Собрание сочинений в пяти томах. Том 2. Судья и его палач. Подозрение. Авария. Обещание. Переворот
  • Текст добавлен: 29 апреля 2017, 08:30

Текст книги "Собрание сочинений в пяти томах. Том 2. Судья и его палач. Подозрение. Авария. Обещание. Переворот"


Автор книги: Фридрих Дюрренматт



сообщить о нарушении

Текущая страница: 5 (всего у книги 25 страниц)

Фон Швенди понимал, что лучше было бы вернуть следователя на землю, но не знал толком, как это сделать.

– Наши круги используются всякими проходимцами без чести и совести, – произнес он наконец. – Это неприятно, чрезвычайно неприятно.

– Никто ни о чем не подозревал, – успокоил его Лутц.

– А Шмид? – спросил национальный советник, с радостью ухватившись за эту тему.

– Мы нашли у Гастмана папку, принадлежавшую Шмиду.
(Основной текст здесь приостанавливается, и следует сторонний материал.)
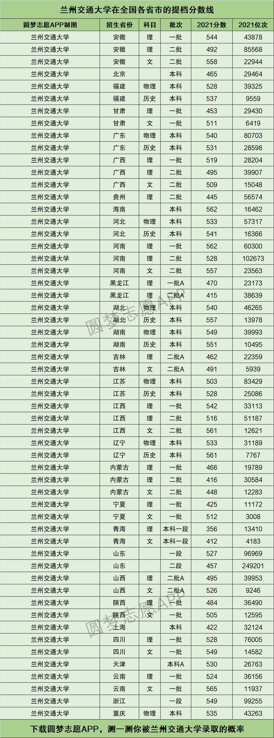 一、兰州交通大学提档线2021年 兰州交通大学位于甘肃省兰州市,所以小编先为大家单独列出了兰州交通大学在甘肃省2021年的提档分数线。 1、文科 兰州交通大学在本科一批的最低提档线为511分,最低位次为6419名。 2、理科 兰州交通大学在本科一批的最低提档线为453分,最低位次为29430名。 如果你想查看:兰州交通大学各专业——近三年的录取分数线和位次。请直接在手机应用市场下载圆梦志愿APP,获取资料。 二、兰州交通大学调档比例 本文将以兰州交通大学2021年本科招生章程为依据,为大家提供兰州交通大学的调档比例。 兰州交通大学根据各省(自治区、直辖市)生源情况确定提档比例,按照顺序志愿投档的批次,调档比例控制在120%以内。按照平行志愿投档的批次,调档比例控制在105%以内。 三、兰州交通大学在全国各省市的提档线汇总 下图为具体的招录数据,同学们在参考时一定不能只看兰州交通大学的最低分,要重点对比兰州交通大学的最低录取位次↓

В ней были сведения о жизни Гастмана и предположения о его преступлениях. Шмид пытался уличить Гастмана. Делал он это как частное лицо. Ошибка, за которую он поплатился; доказано, что Гастман велел убрать Шмида; Шмида, по-видимому, убили из оружия, которое было в руках одного из слуг, когда Чанц его застрелил. Исследование оружия подтвердило это предположение. Причина убийства тоже ясна: Гастман боялся, что Шмид его разоблачит, Шмиду следовало довериться нам. Но он был молод и честолюбив.

В покойницкую вошел Берлах. Увидев старика, Лутц принял меланхоличный вид и снова спрятал руки в карманы.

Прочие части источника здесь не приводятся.